Taken together, our results highlight the potential role of the FC patterns in the neural processing of emotions, suggesting that large-scale FC patterns may contain rich emotional information to accurately decode both facial and bodily expressions. Our study provides new evidence for the distributed neural representations of emotions in the large-scale FC patterns and further support that general interactions between distributed brain regions may effectively contribute to the decoding of human emotions.

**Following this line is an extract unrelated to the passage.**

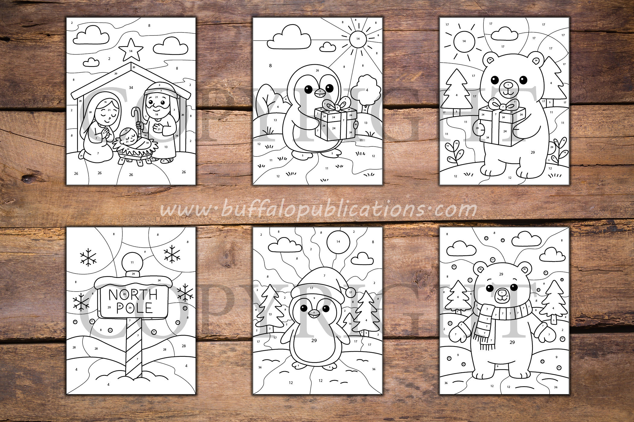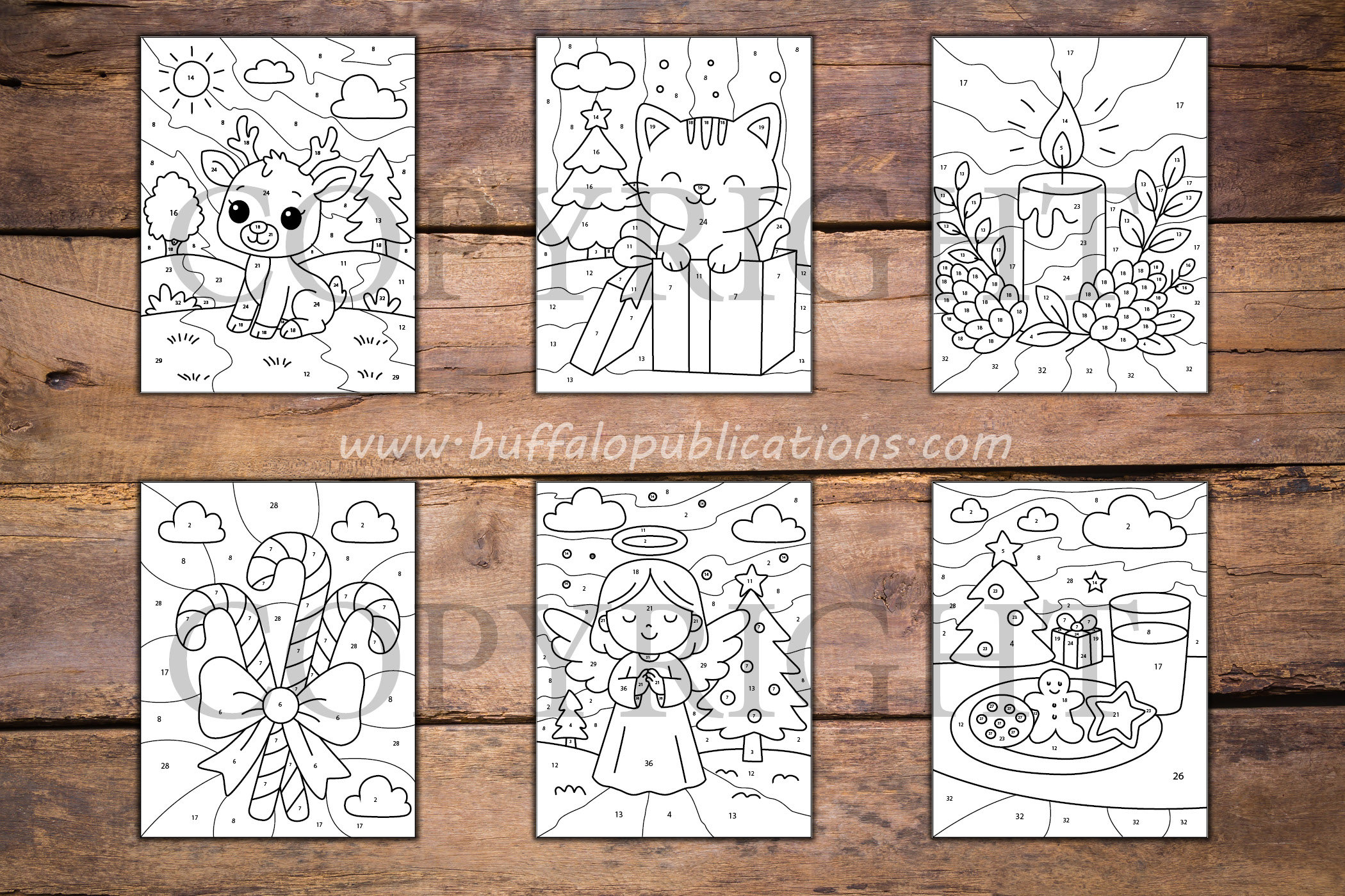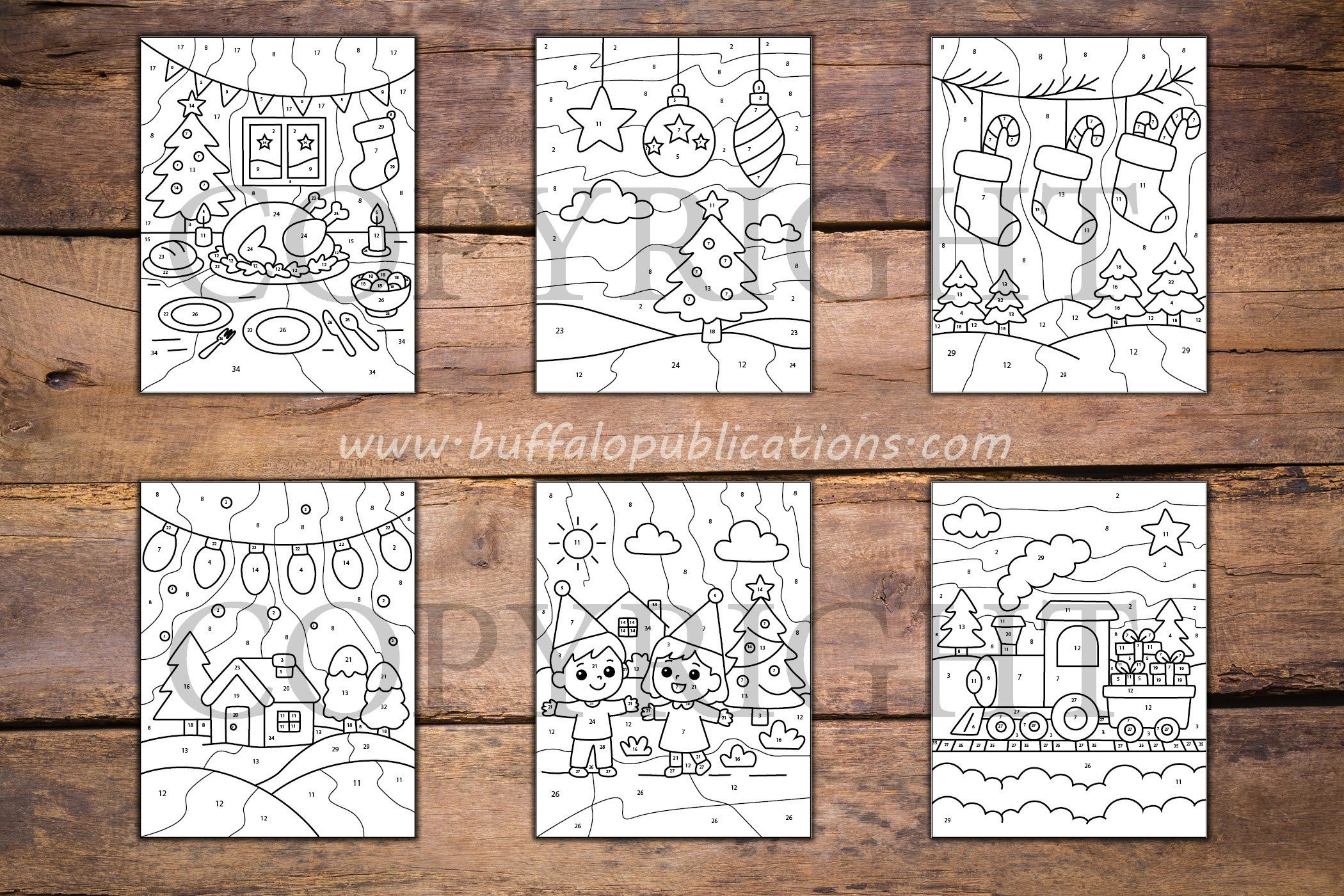 Your kids are going to love this Christmas Coloring Book with 50 Color By Number pages to keep your child engaged and entertained for hours.
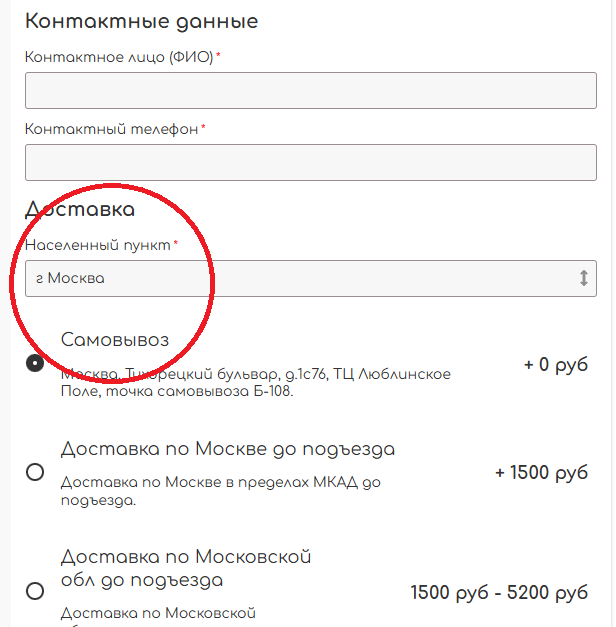 ЕСЛИ НЕТ ПУНКТА САМОВЫВОЗ В СПИСКЕ ОФОРМЕНИЯ ЗАКАЗЫ

Network Representations for Facial and Bodily Expressions
In this study, we identified the most contributive FCs in emotion discrimination based on the classifier weights. Figures 4, 5 show the top 50 most discriminative FCs (mapped onto the cortical surfaces using BrainNet Viewer, Xia et al., 2013, and the connectogram is created using Circos, see text footnote 4) for the pairwise emotion classifications (joy vs. anger, joy vs. fear, anger vs. fear). Different colors are used to indicate different brain modules (the frontal, temporal, parietal, insula, limbic, and occipital lobes as well as the subcortical nuclei) according to the Brainnetome atlas. Lines of the intra-module connections are represented by the same color as the located module, while the inter-module connections are represented by gray lines. We found that these emotion-discriminative networks were widely distributed in both hemispheres, containing FCs among widespread brain regions in occipital, parietal, temporal, and frontal lobes, ranging from primary visual areas to higher-level cognitive areas. Particularly, these networks included classical face- and body-selective areas, such as the FG and the posterior superior temporal sulcus (pSTS). Additionally, regions that were not classically considered sensitive by traditional activation-based measures, such as the postcentral gyrus and the middle frontal gyrus, were also included in the discriminative networks. To some extent, these results were compatible with recent fcMVPA studies on decoding of various object categories, sounds, and facial expressions, suggesting the potential effects of the activation-defined neutral areas on high-level cognition (Wang et al., 2016; Liang et al., 2018; Zhang et al., 2018). Together, our results from the discriminative network analysis indicate how large-scale FC patterns reconfigure in the processing of facial and bodily expressions and further corroborate the distributed neural representation for the emotion recognition.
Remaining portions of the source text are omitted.